Speaking of triggers we will set those up now.

Our structure of our Azure Functions project is the following:

  • root – this will host appsettings.json
  • Utils – class library for common routines
  • Models – any db and json models
  • Functions – the actual code for our function
  • VideoTrigger – functions.json definition file our the trigger and function
  • ImageTrigger – functions.json definition file our the trigger and function
  • App_Data – our FFMpeg exe files

Lets look at appsettings.json. There are a couple of ways you can build this file. By hand. Pull it down manually via Kudo on Azure or via Azure Function Command Line Settings. You only need to pull it down by hand if you already configured your Azure Functions in the portal. That is what we did.

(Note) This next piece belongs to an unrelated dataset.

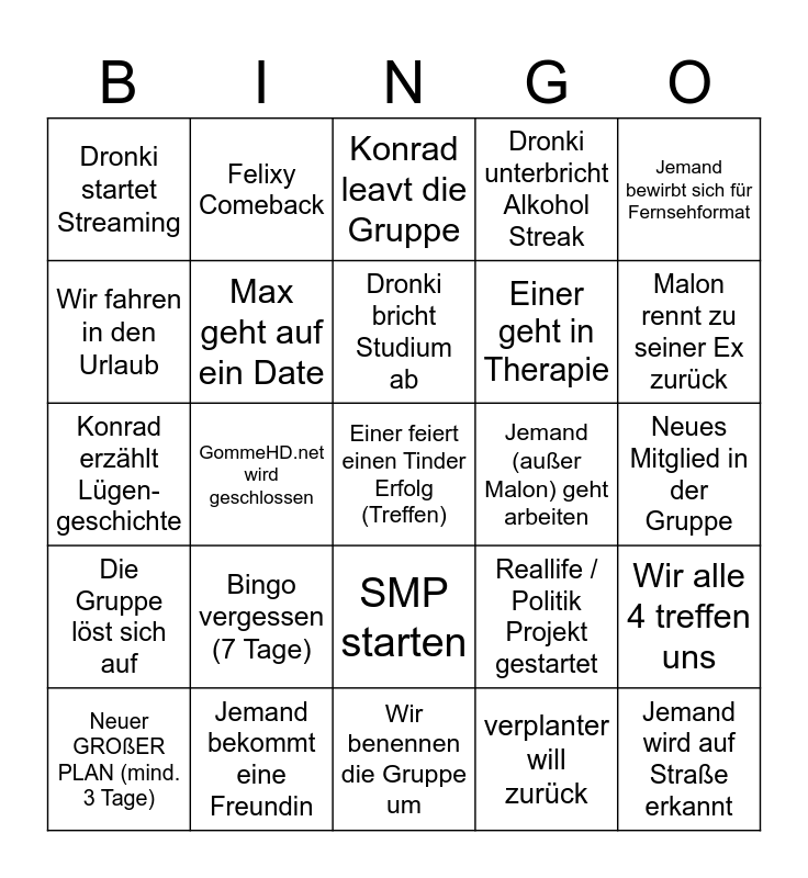This bingo card has a free space and 24 words: Bingo vergessen (7 Tage), Jemand bekommt eine Freundin, Dronki bricht Studium ab, Neuer GROßER PLAN (mind. 3 Tage), Jemand bewirbt sich für Fernsehformat, Dronki startet Streaming, Wir fahren in den Urlaub, Felixy Comeback, Jemand (außer Malon) geht arbeiten, SMP starten, Einer geht in Therapie, Konrad erzählt Lügen- geschichte, Reallife / Politik Projekt gestartet, Wir alle 4 treffen uns, Max geht auf ein Date, verplanter will zurück, Neues Mitglied in der Gruppe, Konrad leavt die Gruppe, Malon rennt zu seiner Ex zurück, GommeHD.net wird geschlossen, Jemand wird auf Straße erkannt, Die Gruppe löst sich auf, Dronki unterbricht Alkohol Streak and Wir benennen die Gruppe um.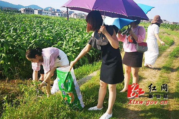 一大早,大家拿着垃圾钳,提着塑料袋,沿机耕道捡拾零星散落在田埂上的白色垃圾,并沿农田逐块检查,清检农药瓶、农资包装袋、地膜等农业生产废弃物,同时向劳作中的群众宣传田园环境整治的重要性,引导、发动群众参与到日常整治行动中来,共同努力改变田园“脏、乱、差”现象,打造设施完善、生产清洁、布局合理、产业融合的美丽田园,走出一条具有新田特色的美丽农业发展之路。

We first went into the Portal and searched for Azure Function App and configured it as an App Service Plan. Once we had the Azure Function created we opened up a command prompt and issued the following commands:

  • func azure login
  • func azure account list
  • func azure account set
  • func azure functionapp list
  • func azure functionapp fetch-app-settings [name]

This then downloaded the appsettings.json (encrypted) and we moved this into our project root. This file contains variables for the storage accounts that functions will use as well as which ones will be triggered when new data is contributed to the account. Be cautious since this file contains secrets so you don’t want to check that into source control.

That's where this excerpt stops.